START Provided records

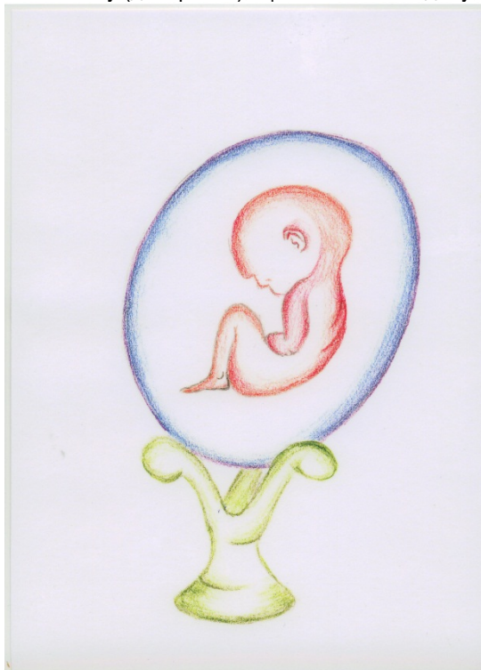
Рис. 2. Моє самовідчуття

Суб'єктивна зінтегрованість породжує феномен хибного кола, коли психіка не призупиняється в прагненнях досягти цілі, нехай і шляхом відступів від реальності та ілюзорної значимості ідеалізованого «Я». Захисна система відзначається можливістю запуску вторинних, третинних і так далі психологічних захистів, які потім людину ослаблюють. Тому на «Моделі» ми бачимо стрілочку «до сили» (стр. 4), яка «залежна» від нормативних цінностей та ідеалу «Я» і стрілочку «до слабкості» (стр. 3), яка гармонізується у своєму спрямуванні із інфантильними цінностями, в яких закладено почуття неповноцінності, меншовартості і повернення до інфантильного стану, аж до утробного стану (див. рис. 2), що ослаблює людину, робить її пасивною, імпотентною.
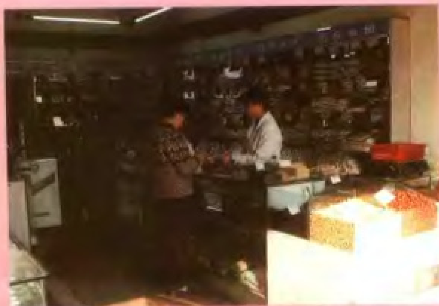
上城区粮食公司中山粮油贸易商行
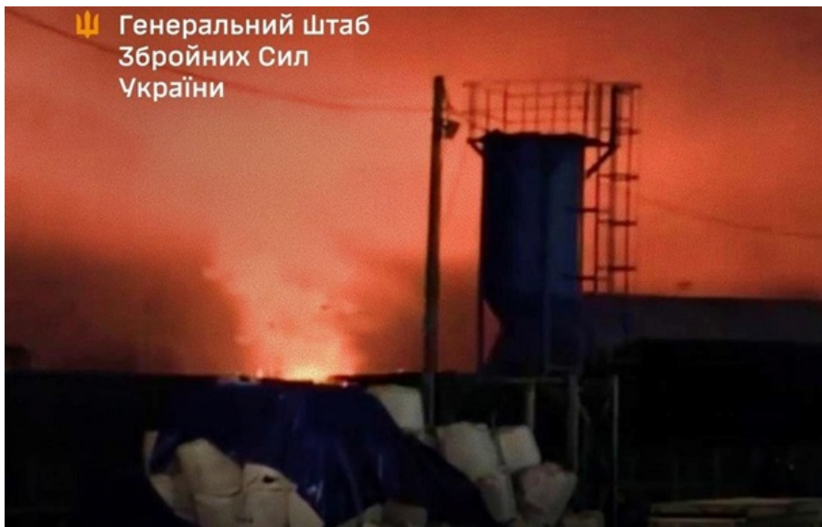
В Усть-Лузі знову спалахнула сильна пожежа

Також військові уточнили результати уражень в порту Приморськ і на НПЗ Лукойлу в Нижньому Новгороді.
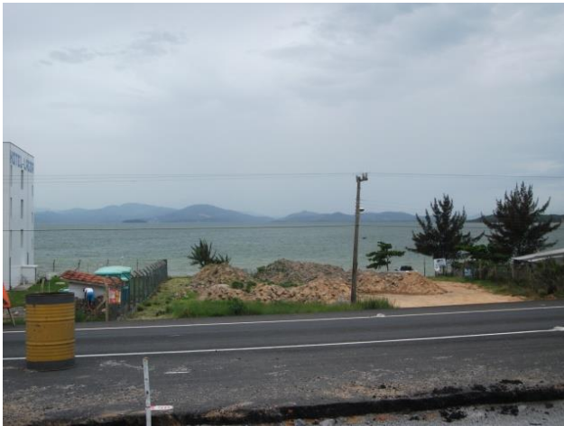
Figura 11: O espaço destinado à praça Fonte: Foto do autor- Nov./2014)
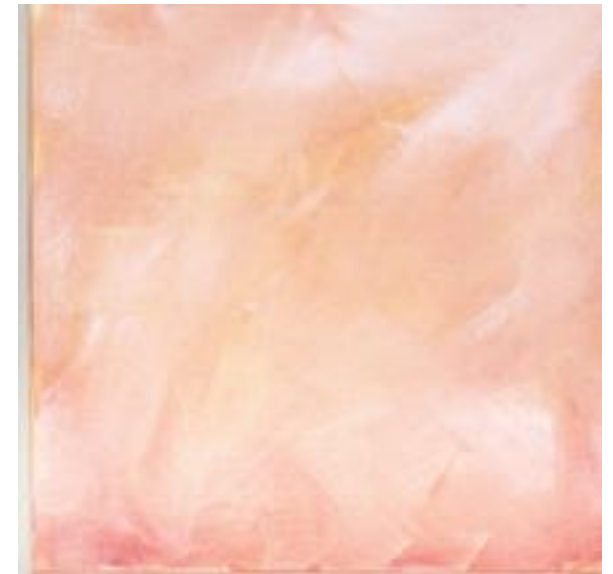
12/9/21 40x40x4 Acryl/Leinwand
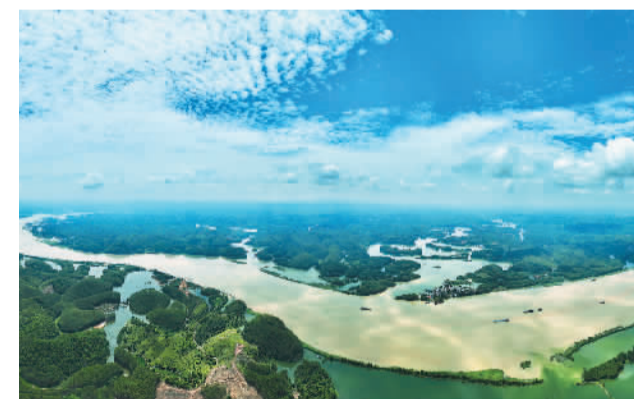
图为广西壮族自治区南宁市横州市平塘江口，平陆运河的起点。

END Provided records

# Directions
Please repeat exactly the lines from the one containing "Також військові уточнили" through the end of the entries, both included, omitting pictures.

# Response area
Також військові уточнили результати уражень в порту Приморськ і на НПЗ Лукойлу в Нижньому Новгороді.
Figura 11: O espaço destinado à praça Fonte: Foto do autor- Nov./2014)
12/9/21 40x40x4 Acryl/Leinwand
图为广西壮族自治区南宁市横州市平塘江口，平陆运河的起点。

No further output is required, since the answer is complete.